Скитальцы — страница 70 из 108

Шум и смех заполняли корабль. Откупоривались бутылки, звенели бокалы. Пузырьки ударялись о стекло, порой жидкость проливалась на скатерть и расцветала темными цветами.

Когда Айна поставила на стол последнее блюдо и объявила об официальном начале пира, было выпито уже шесть бутылок «Джио». Все радостно вскочили, отложили игральные карты, убрали пустые бутылки и аккуратно расставили по столу блюда и тарелки.

– Ура!!!

Взметнулись вверх руки с бокалами, словно волна прилива.

Ветер

Команда с аппетитом уплетала угощения. Кулинарный талант Айны стал еще ярче. Сама она говорила, что после возвращения на Марс радость ей доставляло только приготовление еды.

На этот раз Айна превзошла себя. Пышные золотистые пироги, лапша с говядиной и яйцом, морковные запеканки, всевозможные овощи, посыпанные рыбными чипсами, салат из морских водорослей, орехи с ростками бамбука, яблочные тарты по-индийски, суп из курицы со сладкой кукурузой… Просто слюнки текли от тех ароматов, которые заполняли салон корабля. На фоне хохота кто-то кашлял, поперхнувшись вином.

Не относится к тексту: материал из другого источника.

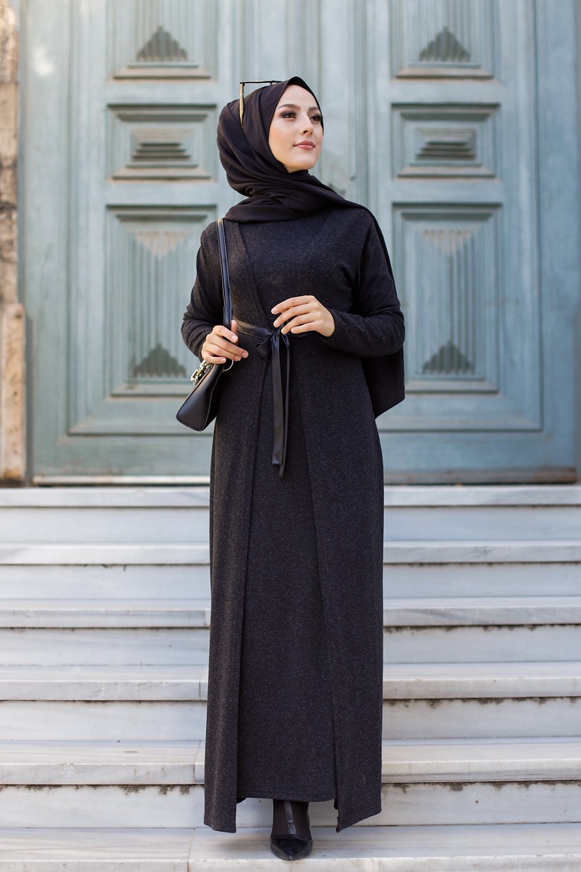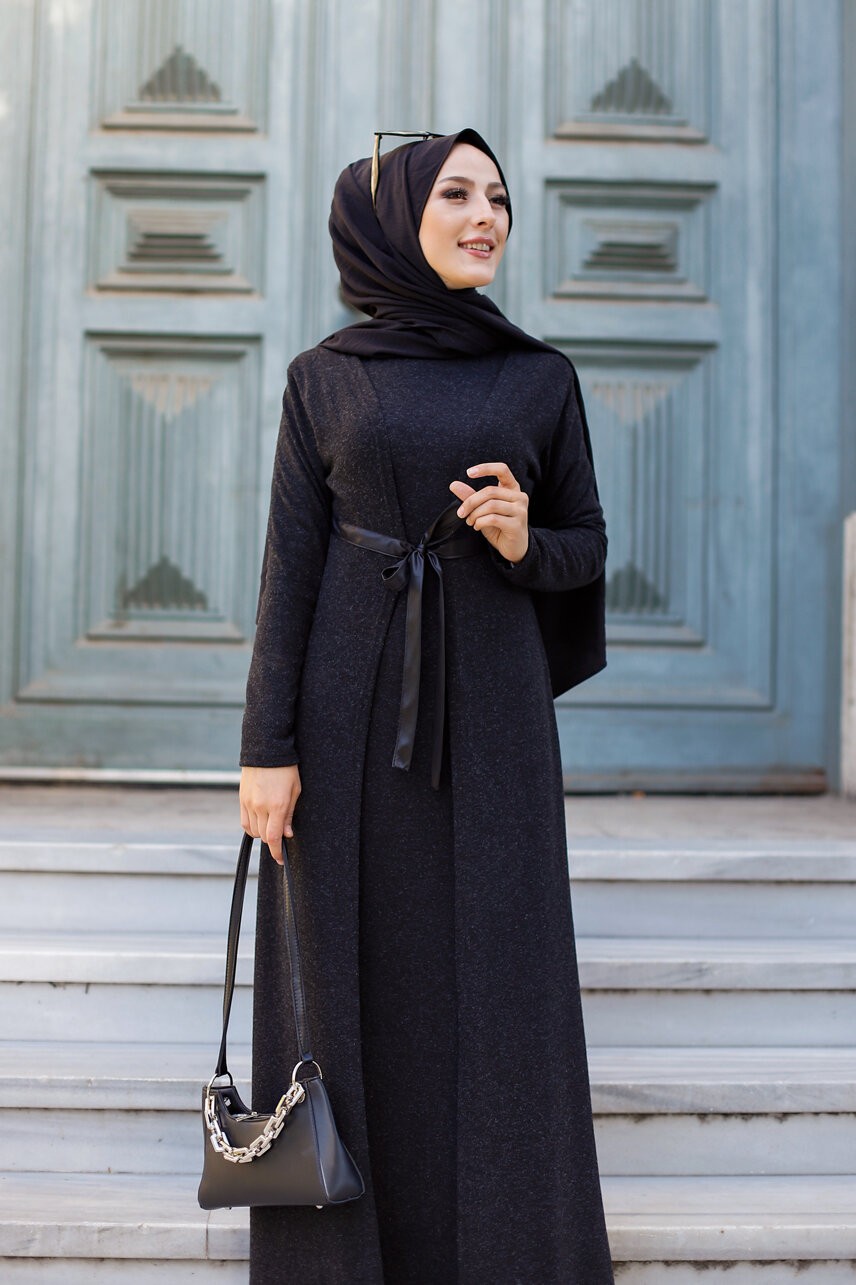 Robe longue avec gilet intégré (Abaya et Kimono cousus ensemble) - Couleur noir Vetement & Accessoire

Всего в команде было двенадцать человек – четыре девушки и восемь парней. Они сидели за столом большим кругом, абсолютно расслабившись. Парни, склонившись к столу, о чем-то спорили, а девушки весело щебетали, угощаясь фруктами. За иллюминаторами открывался однообразный вид – желтый песок и камни. Корабль летел настолько ровно, что порой было невозможно понять, что он вообще движется.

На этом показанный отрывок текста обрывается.